Non-research articles

Authors of non-research articles (usually commissioned reviews and commentaries) can include figures and tables that have been previously published in other journals provided they confirm on submission that permission has been obtained from the original publisher (if applicable) and cite the original article. Documentary evidence to support this permission must be made available to the Editor on request.

In order to avoid the potential for self-plagiarism, inadvertently or otherwise, authors agreeing to write commissioned articles should notify the Editor of any recent publications or invitations to write on a similar topic.

Open science

If authors have previously discussed or posted their own data in venues such as blogs, wikis, social networking websites, or online electronic lab notebooks, they are still able to submit their findings to BBASR's journals. However, given the rapidly evolving nature of these resources, where discussion of data or manuscripts posted to these venues has subsequently been incorporated into the manuscript, the Editor will make their own assessment as to whether there may be duplication in the submitted manuscript.

Study protocols

Publication of study protocols reduces the risk of non-publication of research findings and facilitates methodological discussion, and is encouraged by a number of BBASR journals. Therefore prior publication of a study protocol before submission of a manuscript reporting the results is not considered duplicate publication.

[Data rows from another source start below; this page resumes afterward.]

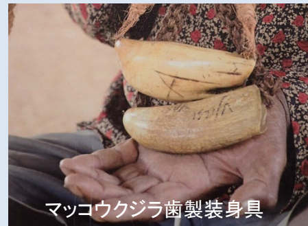
マッコウクジラ歯製装身具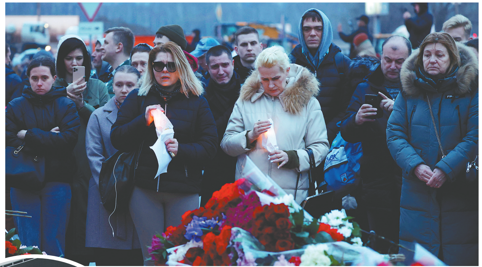
3月23日,在俄罗斯莫斯科近郊,人们在恐袭事件发生地附近悼念遇难者。

近年来,俄罗斯加大反恐力度,大规模恐怖袭击在莫斯科乃至俄罗斯全国并不少见。俄联邦安全局局长、国家反恐委员会主席博尔特尼科夫去年12月12日介绍2023年俄反恐工作成果时说,俄去年阻止了228起恐怖主义犯罪,其中包括146起未遂恐怖袭击。俄方还破坏了73个秘密恐怖组织的活动。 此次恐袭暴露出俄罗斯在安全保障方面仍存在漏洞。俄政治学者米哈伊洛夫认为,俄政府有必要完善大型群众性活动的组织方案。他指出,实施此次恐袭的犯罪分子手段非常专业,且对建筑物内部环境、出入口位置和警卫部署等情况了如指掌,这表明相关人员很可能提前对事发地点进行了详细调查。俄军事专家丹迪金指出,恐怖分子是如何将武器带到音乐厅的,值得有关部门深刻反思。 恐袭事件发生后,俄政府已经开始加强安保措施。普京23日在电视讲话中说,已在全国范围采取额外的反恐和反破坏措施,防止恐怖分子犯下新的罪行。莫斯科市长索比亚宁宣布取消本周末在莫斯科举行的所有体育、文化和其他公共活动,莫斯科州、克拉斯诺达尔边疆区、列宁格勒州、乌里扬诺夫斯克州、库尔斯克州、摩尔曼斯克州和其他一些地区也宣布将采取类似措施。俄航空、铁路等部门纷纷表示,将加强安全防护和检查工作。圣彼得堡等地高校取消了周末线下课程。 (据新华社莫斯科3月24日电 记者赵冰 刘恺)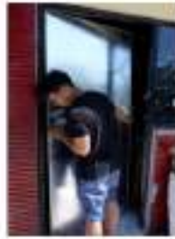
Gambar 4 . Pemasangan pintu kelas yang rusak.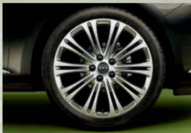
Leichtmetallrad 8 J x 19 im 10-Doppelspeichen-Design, Reifen 235/40 R 19 (Q1A). Optional für Edition, Sport und INNOVATION.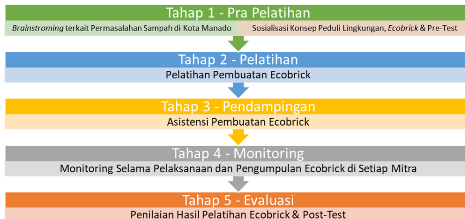
Gambar 3. Tahapan Pelaksanaan

Pasca pelatihan, dilakukan pendampingan untuk memantau konsistensi produksi mandiri oleh anggota komunitas. Evaluasi akhir dilakukan melalui post-test untuk mengukur peningkatan pemahaman teknis, serta Quality Control (QC) fisik terhadap produk Ecobrick yang dihasilkan. Botol yang lolos uji densitas akan disimpan sebagai inventaris bank sampah sekolah untuk proyek lanjutan. Post-test dilaksanakan pada 10 Oktober.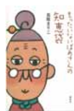
真珠まりこ / 著 (講談社)

季節の風習や伝統行事、和の文化、昔ながらの知恵などを紹介しながら、「もったいない」という思いを描いた『毎日新聞』連載「もったいないばあさん日記」に加筆し書籍化。伝えたい和の心や丁寧に暮らすヒントが満載。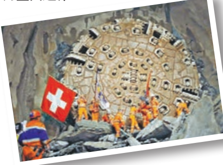
工人於2010年慶祝打通隧道。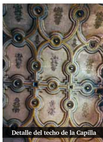
Detalle del techo de la Capilla

Summary clinical trial results in public registries

Posting of summary clinical trial results in publicly accessible databases is generally not considered duplicate publication. BBASR requires authors of manuscripts reporting clinical trials to have registered their trial in a suitably accessible registry (see our Trial Registration policy for more information). In the US, submission of trial results to ClinicalTrials.gov is a statutory requirement. More information on this requirement can be found here.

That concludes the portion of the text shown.